American baseball player (1933–2025)

William George Kern (February 28, 1933 – October 19, 2025) was an American Major League Baseball outfielder. After nine seasons in minor league baseball, Kern had an eight-game trial with the Kansas City Athletics during the season. He had signed with the team in 1954, when they were still based in Philadelphia. Kern attended Muhlenberg College, graduating in 1954.

Kern threw and batted right-handed, stood 6 ft 2 in tall and weighed 184 lb. He batted over .300 four times and hit 144 home runs during his minor-league career.

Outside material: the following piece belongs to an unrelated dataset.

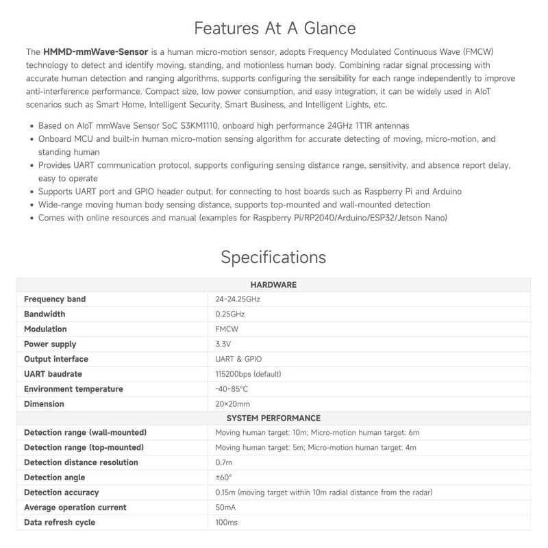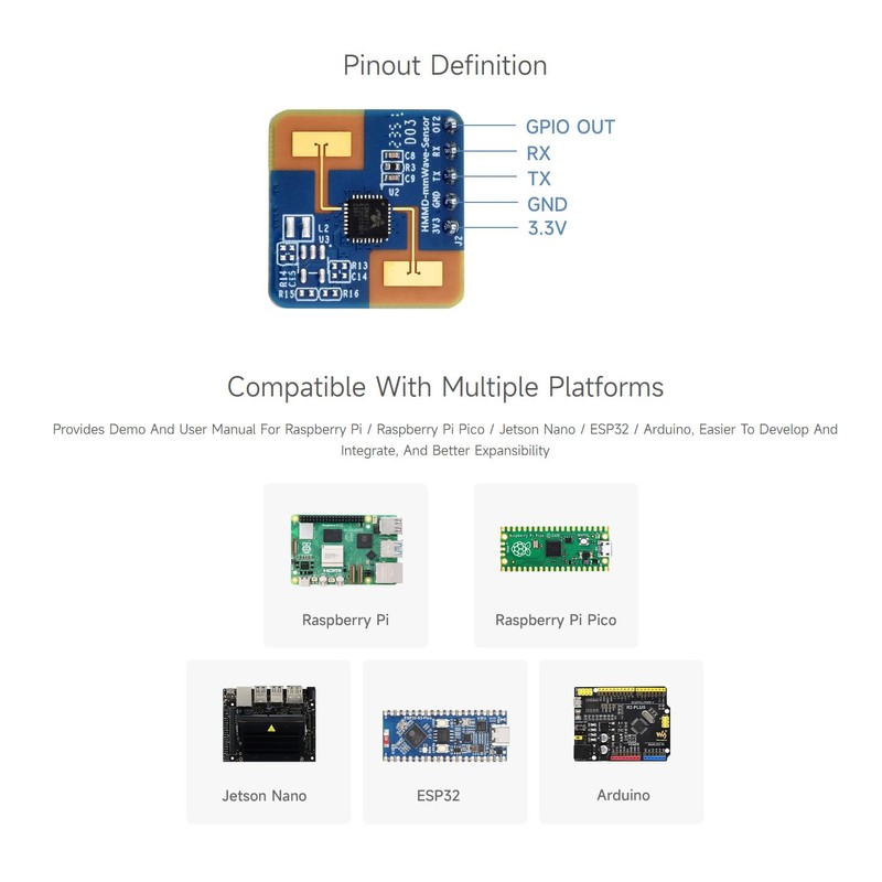 - Supports UART port and GPIO header output, for connecting to host boards such as Pi. Wide-range moving human body sensing distance, supports top-mounted and wall-mounted detection

In September 1962, at age 29, he was recalled by the Athletics after he batted .315 with 27 home runs and 97 runs batted in for the Triple-A Portland Beavers. Kern appeared in eight games played, batting 16 times with four hits. In his first MLB game, he pinch hit for Moe Drabowsky and singled off Dick Donovan of the Cleveland Indians. In his final MLB game, as the A's starting left fielder, he hit his lone Major League home run off future Baseball Hall of Fame pitcher (and United States Senator) Jim Bunning, then with the Detroit Tigers.

Kern died in Bethlehem, Pennsylvania on October 19, 2025, at the age of 92.